Prepper Must-Haves - Garden Tools - The Prepper Journal

When I see articles about garden tools for beginners, upgrades for old hats, and reviews on the best contraptions to hit the market, there’s one thing that never seems to make it on the pages: Twine.

Maybe the big guys don’t need it. I sure use a fair bit of twine, string and cord in my gardens, though. I also use a fair bit while I’m air layering. Okay, in truth, I use some, and I also use strips of ruined clothing.

We need something to be tying up plants with, though, regularly, and I regularly use cord for parts of my trellises. There are alternatives, like using netting or light-gauge fencing. Cultivar selection for our plants might also reduce or eliminate trellis needs.

Regularly, though, we need to support something, from a seedling tree that needs staked to hanging planters or containers from and above porch railings.

Some decent twine that doesn’t break as we tie the knot and doesn’t rot in a single season will save us a lot of not-nice words. In the long run, it’s worth the money.

It’s also one of those things that really ought to just wander around the garden and outside with us, right there with a handy pair of pliers, pruners, and our pocketknife.

Machines

Stone me now; there’s not the first Kubota, Deere, Gator, or Kioti on my list. Tractors revolutionized the way we farm, made our way of life possible, and made it possible for the human population worldwide to snowball. The thing is, most of us don’t need them.

Sure, a riding mower or an ATV – especially with tow-behind cultivators, furrowers, spreaders or even just trailers – make life a lot easier. As we start cultivating significant properties, move into producing our own staple crops or producing grass hay and grains for livestock, when we start cutting grass straw, we should look in that direction. Until then … they need fuels, they need maintenance, and for the most part they’re a convenience. With the exception of folks who can’t push or pull physically, they’re not necessary for a veggie garden, even a big one.

Tillers/Powered Cultivators might be a must-have or might be a convenience. It depends on our bodies, growing scheme, and the scale of growing. There are some smaller versions where the power head cross-purposes with other tools like weed-eaters, overhead saws, and the tiller, and that’s a right handy tool to consider. Another option would be either electric tillers that can be powered from a running vehicle or charged from a solar battery bank. Because diesel stores so well, diesel-powered machines – or the vehicle that’s going to be used as a generator – might appeal to others despite the upfront costs.
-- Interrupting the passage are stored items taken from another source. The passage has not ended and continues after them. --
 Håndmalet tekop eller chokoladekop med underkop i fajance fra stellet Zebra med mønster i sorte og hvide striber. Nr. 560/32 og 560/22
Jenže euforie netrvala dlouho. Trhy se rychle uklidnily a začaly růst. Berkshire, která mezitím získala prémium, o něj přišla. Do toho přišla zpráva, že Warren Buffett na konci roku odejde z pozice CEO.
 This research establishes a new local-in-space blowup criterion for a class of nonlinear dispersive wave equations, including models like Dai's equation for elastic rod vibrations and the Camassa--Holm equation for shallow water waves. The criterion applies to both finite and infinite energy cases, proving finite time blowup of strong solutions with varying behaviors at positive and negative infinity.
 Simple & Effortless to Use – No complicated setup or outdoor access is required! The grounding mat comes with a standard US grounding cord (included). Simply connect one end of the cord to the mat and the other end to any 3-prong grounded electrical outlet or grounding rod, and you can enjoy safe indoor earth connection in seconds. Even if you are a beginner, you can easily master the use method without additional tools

Wood Chipper-Shredders do make my list as a must-have garden item when we get serious about production. So long as we have plenty of junk trees, firewood trimmings, or fruit trees and brambles to feed through them, anyway.
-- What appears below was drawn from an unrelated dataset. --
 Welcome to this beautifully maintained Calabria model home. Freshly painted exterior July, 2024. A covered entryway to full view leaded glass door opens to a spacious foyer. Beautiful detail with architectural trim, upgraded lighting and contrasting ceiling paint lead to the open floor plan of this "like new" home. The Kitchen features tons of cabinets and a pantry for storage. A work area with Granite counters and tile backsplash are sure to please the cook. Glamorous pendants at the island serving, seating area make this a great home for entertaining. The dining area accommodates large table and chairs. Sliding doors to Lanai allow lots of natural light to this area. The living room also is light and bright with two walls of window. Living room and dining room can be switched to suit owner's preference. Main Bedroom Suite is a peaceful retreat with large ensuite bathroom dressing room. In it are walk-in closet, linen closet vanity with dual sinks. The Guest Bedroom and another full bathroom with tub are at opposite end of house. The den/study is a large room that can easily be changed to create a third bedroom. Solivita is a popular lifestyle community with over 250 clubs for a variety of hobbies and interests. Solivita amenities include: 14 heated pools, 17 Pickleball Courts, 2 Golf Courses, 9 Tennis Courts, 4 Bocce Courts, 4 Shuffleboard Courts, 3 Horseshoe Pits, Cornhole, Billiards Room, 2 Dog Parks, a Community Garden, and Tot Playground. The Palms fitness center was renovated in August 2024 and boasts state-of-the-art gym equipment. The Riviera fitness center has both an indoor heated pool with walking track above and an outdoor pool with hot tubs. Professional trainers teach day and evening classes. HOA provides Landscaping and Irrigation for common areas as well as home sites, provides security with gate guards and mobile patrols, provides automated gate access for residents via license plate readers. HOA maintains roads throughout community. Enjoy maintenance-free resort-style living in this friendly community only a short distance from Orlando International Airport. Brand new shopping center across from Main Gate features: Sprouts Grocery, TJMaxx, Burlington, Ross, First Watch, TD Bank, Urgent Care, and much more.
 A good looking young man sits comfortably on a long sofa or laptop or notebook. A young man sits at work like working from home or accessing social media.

Mulch is an enormous aid in gardening. It saves labor in weeding, prevents soil compaction and erosion, and limits evaporation of rain and irrigation water. While some types of mulch-bed growing creates an alkaline environment that’s tougher on acid-loving domestic veggies and berries, for the most part we can mitigate the pH of our gardens.

Being able to convert bamboo, privet (pre-seed), and tree prunings from living specimens and firewood or construction into mulch is too valuable to ignore that particular machine.
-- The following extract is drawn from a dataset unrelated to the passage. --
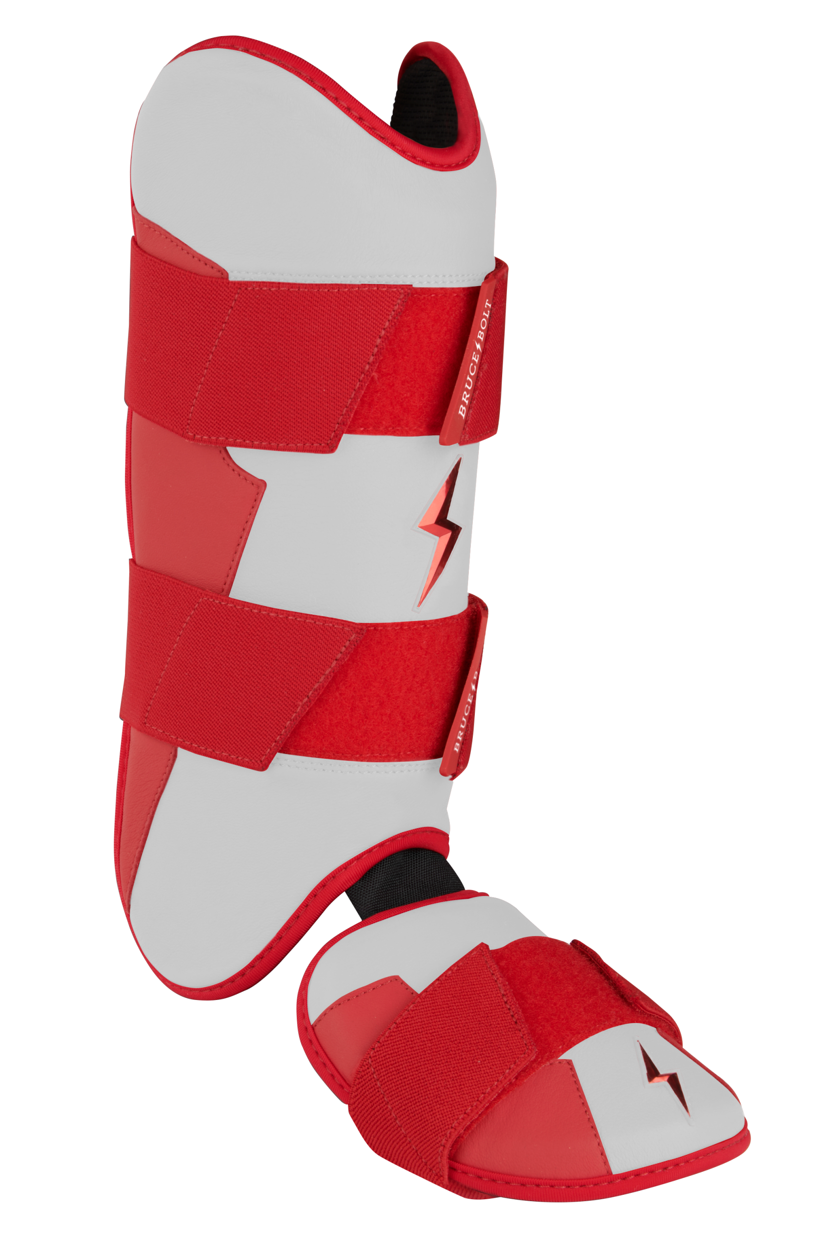 BRUCE BOLT’s PREMIUM PRO Leg & Ankle Guards feature a semi-moldable thermoplastic protective shell with a Cabretta leather outer and Sharkskin inner to keep the guard in place at the plate and while running the bases. 2 wide removable elastic strap locks the Leg guard in place providing maximum protection at the plate.
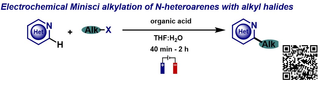 Abstract: Herein, we report, a general, facile and environmentally friendly Minisci-type alkylation of N-heteroarenes under simple and straightforward electrochemical conditions using widely available alkyl halides as radical precursors. Primary, secondary and tertiary alkyl radicals have shown to be efficiently generated and coupled with a large variety of N-heteroarenes. The method presents a very high functional group tolerance, including various heterocyclic-based natural products, which highlights the robustness of the methodology. This applicability has been further proved in the synthesis of various interesting biologically valuable building blocks. In addition, we have proposed a mechanism based on different proofs and electrochemical evidence.

On the other hand, if we’re shy on trees but have the land space, there’s nothing wrong with switching that chipper-shredder for a weed-eater that’s been modified into an electric, gas or diesel powered scythe. It’ll allow us to relatively quickly cut and lay out straw we can use for garden mulch.

Standard Manual Garden Tools

By and large, once we have beds or plots eked out of the ground with either a tiller or a sod cutter, and have dedicated ourselves to maintaining them, getting them seeded with weed-choking cover crops or heavily mulched, we don’t need a whole lot to maintain gardens.

Still, there are some tools that are right handy.

The short list for manual tools for a garden would really be a round-point digging shovel and-or a trenching shovel, a small garden trowel, a hay rake or flat-tined garden rake for leveling and aerating soil or dragging rows for seeds and transplants, a hoe, and in many cases a cultivator of some kind – a weasel, tiller, broad fork, or similar.

A small three-prong cultivator for one-handed or a long-handled, two-handed version can make weeds a much simpler task, and be used for spacing out seed rows.

A garden fork rates pretty highly as well (like a hay fork but with flat, wide tines) since it can be used as a secondary cultivator following a shovel or furrowing plow

Garden by garden, a leaf rake, square-point (transfer, moving) shovel, and both a pointed and a flat-square hoe rate really highly as well.

With them we can turn beds, collect and distribute chipped or leaf mulch and compost, dig in-situ composting trenches and holes, break up soil, level beds and rows, build up triangular and flattened-top mounded rows and beds, and even use them to create seed furrows and cover our beds again.

Mallets

They’re not as ignored and maligned as string, because I don’t use them or see them used quite as much, but I spend a lot of time hammering things. Mallets deserve a little credit there.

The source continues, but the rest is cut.